Department of Pharmacology, Xiangya School of Pharmaceutical Sciences, Central South University, Changsha, 410078, China.
Department of Laboratory Medicine, The Third Xiangya Hospital of Central South University, Changsha, 410013, China.
Cell Mol Life Sci. 2021 Jan;78(1):63-78. doi: 10.1007/s00018-020-03587-8. Epub 2020 Jun 28.
Apoptosis, necrosis and autophagy-dependent cell death are the three major types of cell death. Traditionally, necrosis is thought as a passive and unregulated form of cell death. However, certain necrosis can also occur in a highly regulated manner, referring to regulated necrosis. Depending on the signaling pathways, regulated necrosis can be further classified as necroptosis, pyroptosis, ferroptosis, parthanatos and CypD-mediated necrosis. Numerous studies have reported that regulated necrosis contributes to the progression of multiple injury-relevant diseases.

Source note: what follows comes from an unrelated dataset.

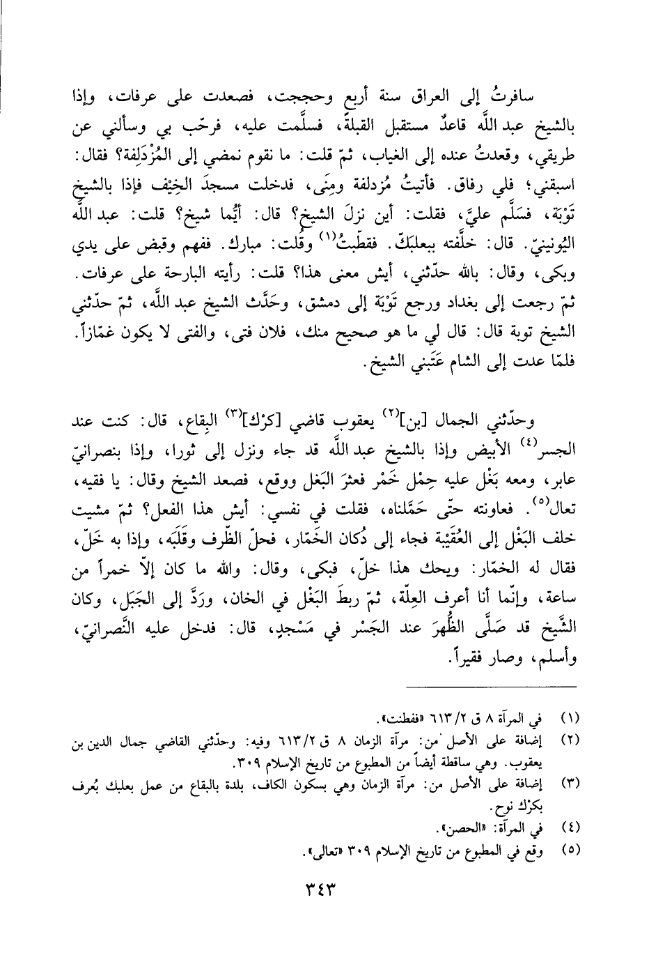 اسبقني، فلي رفاق. فأتيت مزدلفة ومنى، فدخلت مسجد الخيف فإذا بالشيخ تَوْبة، فسلَّم عَليّ، فَقُلْتُ: أَيْنَ نزلَ الشَّيْخ؟ قَالَ: أيُّما شيخ؟ قُلْتُ: عَبْد اللَّه اليُونينيّ. قَالَ: خلَّفته ببَعْلَبَكّ. فقطّبتُ [1] وَقُلْتُ: مبارك. ففهم وقبض عَلَى يدي وبكى، وقَالَ: باللَّه حَدَّثَني، أيش معنى هذا؟ قُلْتُ: رأيته البارحة عَلَى عرفات.

For example, necroptosis contributes to the development of myocardial infarction, atherosclerosis, heart failure and stroke; pyroptosis is involved in the progression of myocardial or cerebral infarction, atherosclerosis and diabetic cardiomyopathy; while ferroptosis, parthanatos and CypD-mediated necrosis participate in the pathological process of myocardial and/or cerebral ischemia/reperfusion injury. Thereby, targeting the pathways of regulated necrosis pharmacologically or genetically could be an efficient strategy for reducing cardio-cerebrovascular injury. Further study needs to focus on the crosstalk and interplay among different types of regulated necrosis. Pharmacological intervention of two or more types of regulated necrosis simultaneously may have advantages in clinic to treat injury-relevant diseases.
细胞凋亡、坏死和自噬依赖性细胞死亡是三种主要的细胞死亡类型。传统上,坏死被认为是一种被动的、不受调节的细胞死亡形式。然而,某些坏死也可以以高度调节的方式发生,称为调节性坏死。根据信号通路的不同,调节性坏死可进一步分为坏死性凋亡、细胞焦亡、铁死亡、PARP 相关坏死和 CypD 介导的坏死。大量研究表明,调节性坏死参与了多种与损伤相关疾病的进展。例如,坏死性凋亡参与了心肌梗死、动脉粥样硬化、心力衰竭和中风的发展;细胞焦亡参与了心肌或脑梗死、动脉粥样硬化和糖尿病心肌病的进展;而铁死亡、PARP 相关坏死和 CypD 介导的坏死参与了心肌和/或脑缺血/再灌注损伤的病理过程。因此,通过药理学或遗传学方法靶向调节性坏死途径可能是减少心脑血管损伤的有效策略。进一步的研究需要集中在不同类型的调节性坏死之间的串扰和相互作用上。同时干预两种或两种以上类型的调节性坏死可能在临床上具有治疗与损伤相关疾病的优势。